Mobility patterns are a cornerstone of mobility demand modelling. The idea is to estimate patterns from mobility observations, such as vehicle counts, and use them to build different demand models that explain or emulate people’s mobility needs. In other words, to understand when, why and how people want to go from A to B, we need to start gathering mobility observations and find patterns.
Back in the days when road traffic data was scarce, mobility patterns were inferred from “field knowledge”, that is, the intuition of the traffic engineer plus the variables that influenced traffic according to the engineer’s experience. In other words, there were a set of variables that described the type of day. For example, the day of the week, the weather, or if it was a holiday. Then, a typical day for each type of day was sampled (usually by manually counting vehicles) and there they had the road traffic patterns for the corresponding city.
The advent of loop detectors and other sensors made it possible to automate road data gathering and provide data for each type of day in order to calculate a pattern that better described all days of the same type. So, if the explanatory variables were weekdays (Monday-Friday) and weekends/holidays, one could take all data for all weekends/holidays, calculate the average or the median or any other reduction metric, and have the pattern for weekends/holidays. The same could be done for all weekdays that were not holidays to get the pattern for workdays.
Basically, this procedure implicitly performs clustering by grouping days according to a set of features, such as day or the week, that according to the engineer’s experience, minimizes both the number of patterns and the traffic flow variance in each group. Then the pattern, or the exemplar, of each group is its centroid according to Euclidean distance if it is calculated using the mean of all of them. This can be generalized to any other method for calculating or choosing an exemplar for each group of days, so we could say that each type of day is a cluster of days, and each pattern is the exemplar that represents each cluster.
Obviously, this methodology can be systemized and automated with a top-down or bottom-up splitting/merging of the types of days. For example, we could start by taking all 14 different types of days (7 days of the week being a holiday or not a holiday, makes 14 types of day) calculate the pattern of each group, merge the most similar pair, and iterate these two steps until we meet a stopping criterion. Alternatively, we could start with a single group with all the days, calculate each pattern and select the sub-group whose pattern differs most from the parent pattern. The first methodology is more efficient, but both should reach similar results with limited explanatory variables, as in this example.
However, is this the right way to define mobility patterns? Clearly not: there is no point in using a set of predefined explanatory variables for grouping days if want to maximize the homogeneity of a set of variables, such as flow, that we already have.
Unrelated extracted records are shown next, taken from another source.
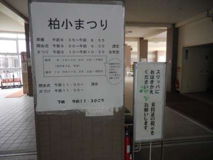 校内は、上履きですので、履いてこられた靴はお手持ちの袋に入れて、柏小まつりの様子をご参観ください。
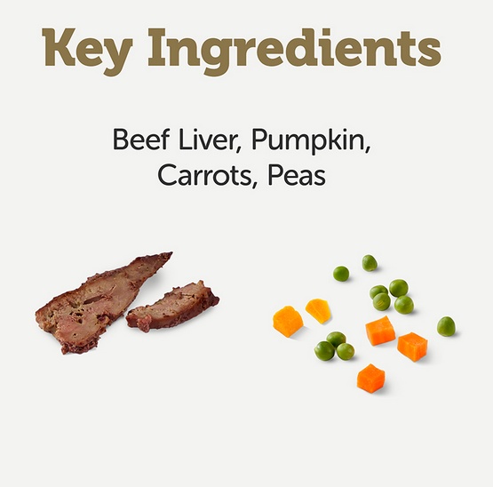 Pierś z kurczaka 28%, bulion z kurczaka, wątroba wołowa 18%, dynia 8%, marchewka 8%, groszek 8%, ryż
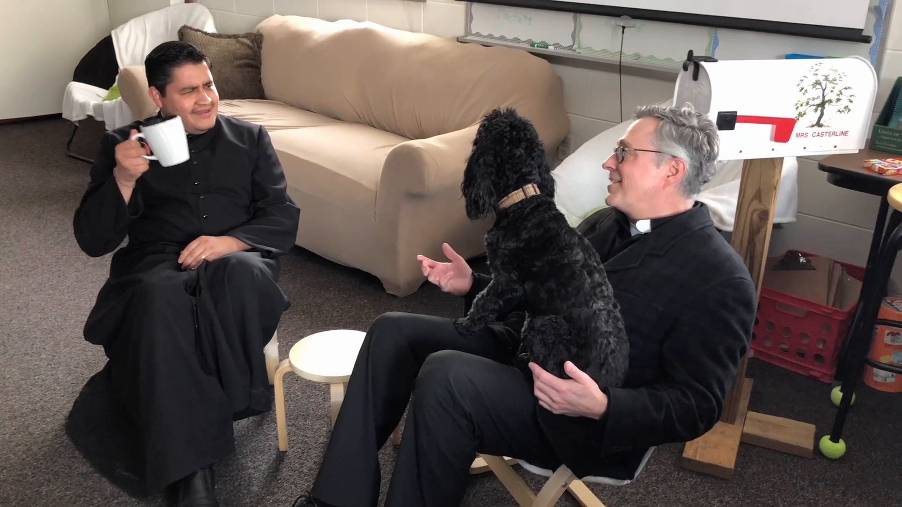 Upon learning their prayers were answered, the team of four, plus Fr. Chris’ dog, Edward, take off to enjoy the empty school.
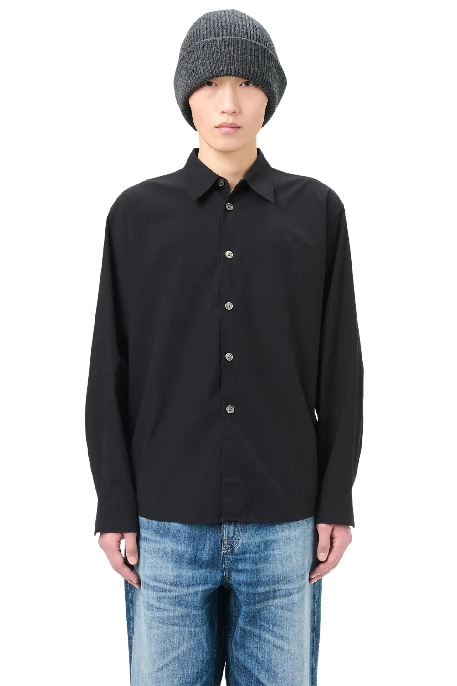 Skjorte i normal, rett passform med perlemor knapper i kinesisk poplin stoff.
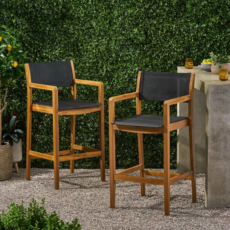 Perch in absolute style with a set of barstools that will bring out the best of any outdoor space with effortless and irresistible charm. Composed of rich acacia wood and sleek outdoor mesh, these classy and understated stools will complement any outdoor bar or dining set up, bringing a subtly upscale flair to even the most unassuming home. These are finished with beautifully tapered legs that strike a perfect balance of rustic charm and modern sophistication for all to admire.
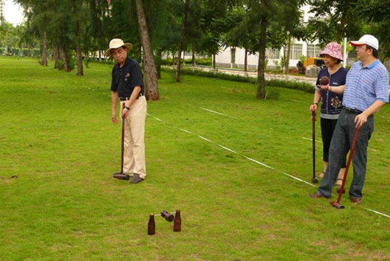 木球是海大的特色运动项目,已有十几年的发展历程,公司木球队在历年国内、国际赛事中,一直保持国内领先水平。今年7月公司木球队在山东举行的两个全国木球赛中取得了院校组男、女团体第一名和4项个人第一名,受到国家体育总局的商请,即将于今年12月代表国家赴阿曼马斯喀特参加第二届亚洲沙滩运动会。8月29日上午,公司党委刘康德书记和傅国华副董事长亲临公司“金桥”木球场现场,为即将代表国家出征的海大木球队加油、鼓劲,并与木球队员一起体验木球运动。

In such a case, the right way to extract daily patterns is to cluster days according to the metrics whose homogeneity we want to maximize. For example, if we want to minimize the distance between days according to their daily flow profile, we can use the Euclidean distance of the flow between days. Up for discussion are points like the right distance metric, or which variables to use to calculate the distance, or even how we define patterns or clusters, because these depend on the purpose the patterns.
To illustrate, let’s use the dataset described used in the previous article and sample data from 2018 and 2019, which happen to be the most homogenous sets. We could take the whole dataset, but this would mean that we would have to add year-explanatory variables if we do not use clustering. I regret to say that I cannot share the dataset and I must keep the name of the city anonymous, but you can replicate the following exercise with any dataset that includes loop detector data.
We’ll start by taking the whole dataset and try to group days according to [day-of-the-week and not holidays] and [holidays]. The 2-year dataset has a total of 22 holidays, so there should be enough to have a good pattern if holidays are similar. With this procedure we get 8 groups. For each group we can take the average, or if we think that there may be outliers, we can take the median. Once we have the 8 patterns, we can calculate the distance between them. Since we are doing patterns according to vehicle flow, I will use the GEH<5 as the similarity metric since it is widely used, and it is a relative metric that give values from 0 (lowest similarity) to 100 (highest similarity) so it’s easy for everyone to understand.
The image below shows the GEH<5 for each pair of the 8 patterns. On the left, there are the patterns calculated using the average, and on the right, patterns calculated using the median. According to that, weekdays (Monday-Friday) are very similar, Saturdays and Sundays are different, and holidays are like Sundays. Thus, we could merge weekdays and Sunday-Holidays and have 3 patterns that explain the mobility in the city’s dataset if we prefer to have fewer than 8 patterns.